Hopper s’est nourri de ses visites des musées du monde. On sait que quand il est en Europe, il est quasi quotidiennement au Louvre, il fait des voyages en Espagne, il va voir Rembrandt à Amsterdam… Et tous ces tableaux-là reviennent, d’une façon cryptée dans les images qu’il produit. Un des tableaux qui a eu le plus d’impact sur sa mémoire c’est "Le philosophe en médiation" du Louvre. On le retrouve dans certains tableaux de Hopper, très décalé, comme selon un principe qui pourrait être celui décrit par Courbet lorsqu’il parle d’ « allégorie réelle ». Il y a quelque chose de cet ordre-là chez Hopper : garder la dimension métaphysique, mais l’appliquer à des images qui sont d’apparence simples, voir insignifiantes. Les fameuses figures féminines qui sont associées à l’image de Hopper, j’avais osé les rapprocher du mythe de Danaé. La lumière qu’elles viennent rechercher est évidemment comparable à cette pluie d’or qui tombe sur Danaé dans certains tableaux de la Renaissance par exemple.  

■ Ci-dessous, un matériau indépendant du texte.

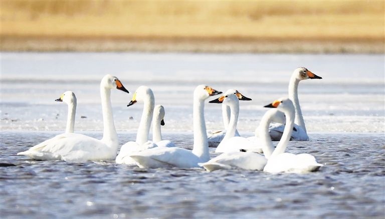 晶晶忍不住感嘆:“我和盈盈每次南飛或北遷,都要在沉湖‘打卡’,這個(gè)城市濕地已變成了小天鵝的‘會(huì)客廳’。前些年,這里可不好玩,用人類(lèi)的話(huà)說(shuō),它‘曾經(jīng)滿(mǎn)目瘡痍,如今萬(wàn)鳥(niǎo)翔集、水草豐美’?!?/p>

Narration ou suspension de l’action ?

A propos des liens de Hopper avec le cinéma, il y a une littérature abondante sur le sujet, certains grands réalisateurs comme Wim Wenders n’ont pas manqué de dire qu’ils avaient puisé abondamment dans l’œuvre de Hopper. Mais c’est une lecture qui suppose une narrativité dans les tableaux de Hopper. Mais je ne crois pas du tout, pour moi c’est précisément la suspension de l’action qui est objet même de la peinture de Hopper. Si la narration est dans l’esprit du spectateur, il est étrange qu’à propos d’une peinture figurative il y ait nécessairement cette volonté de l’interpréter en termes de narration alors que devant un tableau abstrait.